Overall, this is a clear case of reliability to trust the output of an LLM and the entire point of the contrary is that for every 'correct' diagnosis made by the LLM, there are incorrect and vacuous responses which on top of its non-deterministic outputs comes with its lack of transparent explainability other than repeating on what it has been trained on to convince lesser expert users.
> So how does one anecdotal point show that ChatGPT is more reliable than human doctors? If that is not the point to these celebrations, mentions, etc that both of you are doing then I can assume that it is far from the case then, unless you have a direct answer to that question?
No one is saying chatGPT is more reliable then Doctors. Please keep this discussion grounded in reality.
> So how does one anecdotal point show that ChatGPT is more reliable than human doctors? If that is not the point to these celebrations, mentions, etc that both of you are doing then I can assume that it is far from the case then, unless you have a direct answer to that question?
It doesn't. It shows chatGPT beating 17 doctors in this case. That has NOTHING to do with reliability and that assumption is a big leap of logic you, and only you, are making.
> So obviously as expected you still need human doctors regardless, as LLMs are opaque black-boxes which have a lack of transparent reasoning with unpredictable outputs. Thus how does that mean it can be used for medical advice or not?
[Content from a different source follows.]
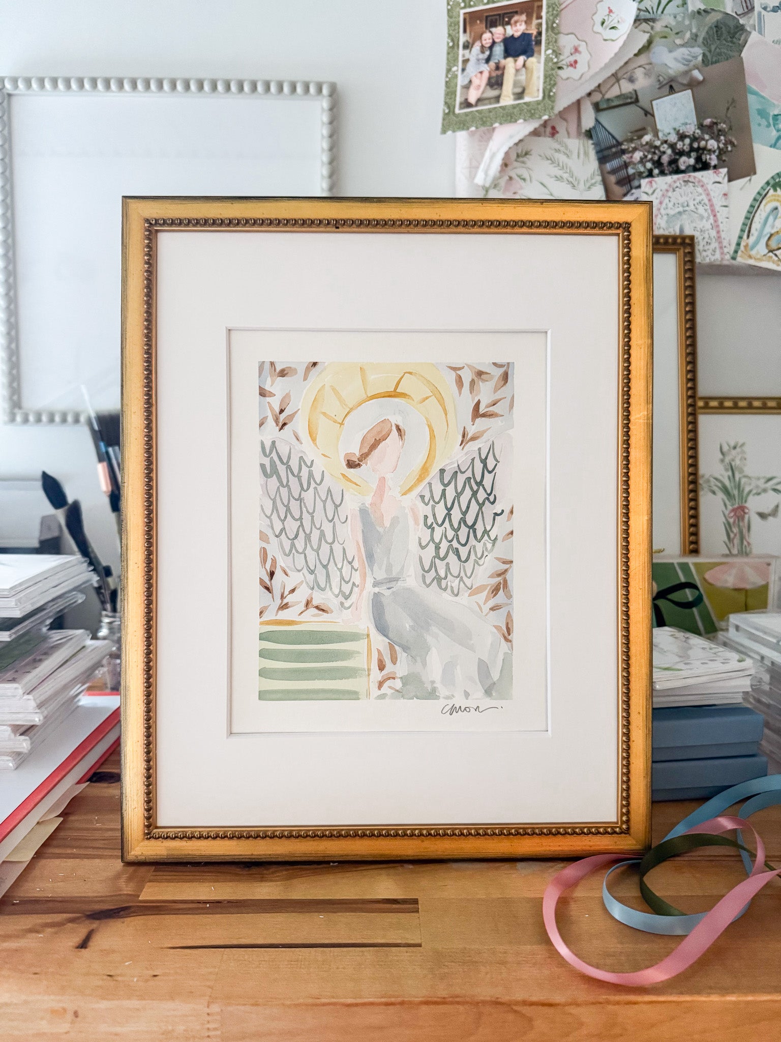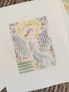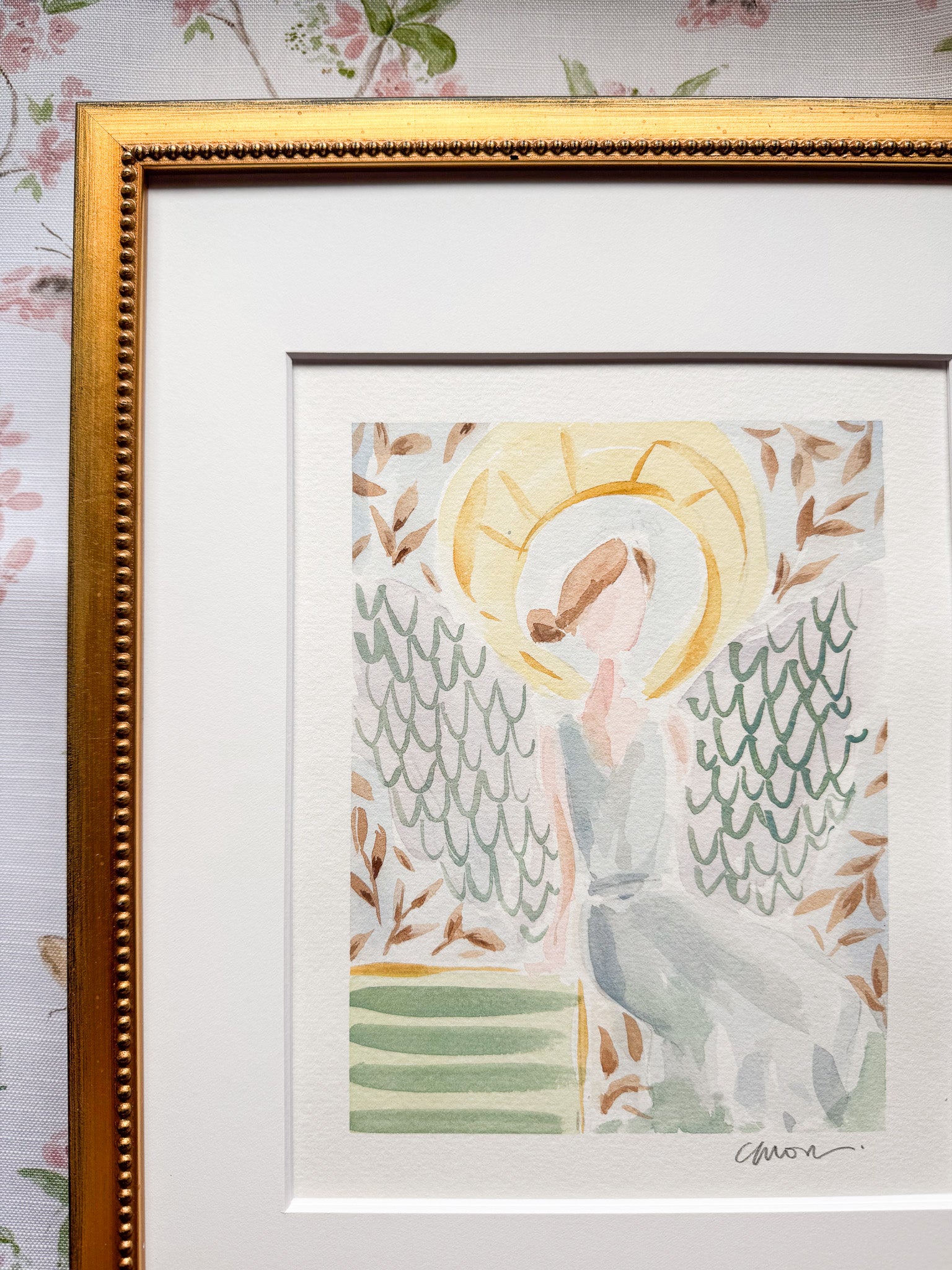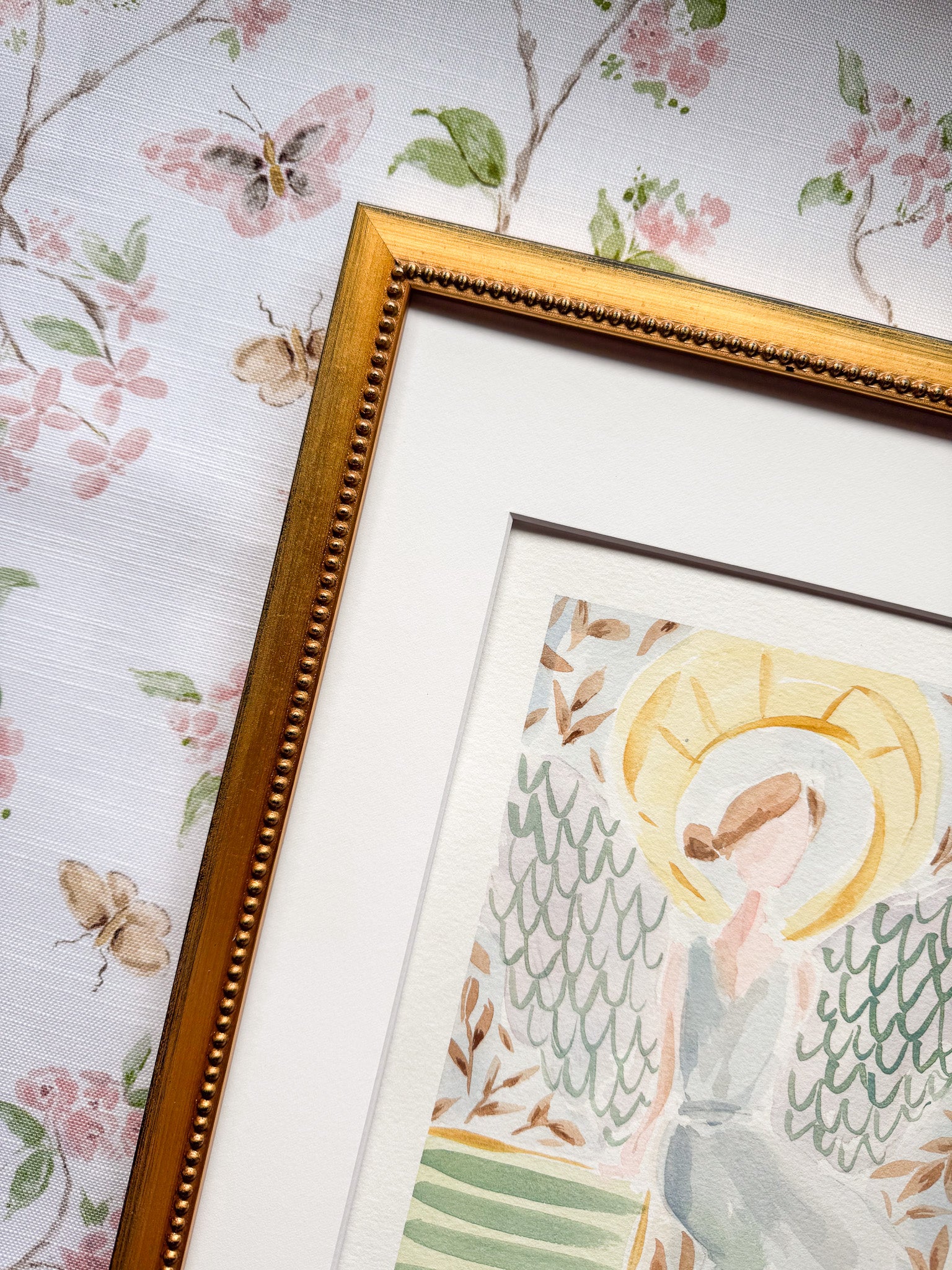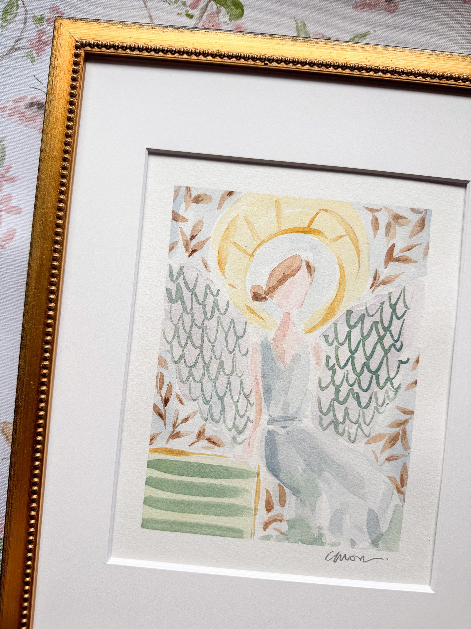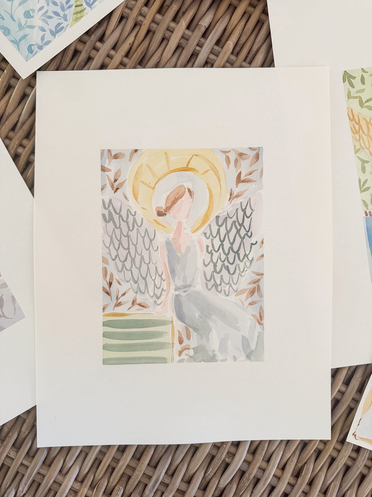 This original watercolor angel is painted on 11x14 fine art watercolor paper, featuring delicate pattern work that frames the figure beautifully. Each piece carries a gentle sense of peace and light, making it a meaningful addition to your home or a thoughtful gift for someone you love.

Yes, of course. That doesn't mean chatGPT couldn't be incorporated into doctors work flow and provide tangible value. No one is saying chatGPT should replace doctors.
Stop arguing against made up air castles. You are only fooling yourself.
Biased to what? You gave ONE study with a very small sample size of 30, which is a far cry of the 1,000 sample size you suggested? It is weak evidence and can be dismissed.
That hardly means that the next study which another group attempts to reproduce is conclusive 'evidence' that it is more reliable than doctors.
> 17 doctors who couldn't diagnose a simple issue for 10 years is a demonstration of total unreliability.
So this ONE anecdote immediately means that ChatGPT is far more reliable than human doctors and can be used for medical advice? How many cases are there when ChatGPT gets its response incorrect out of 1,000 cases?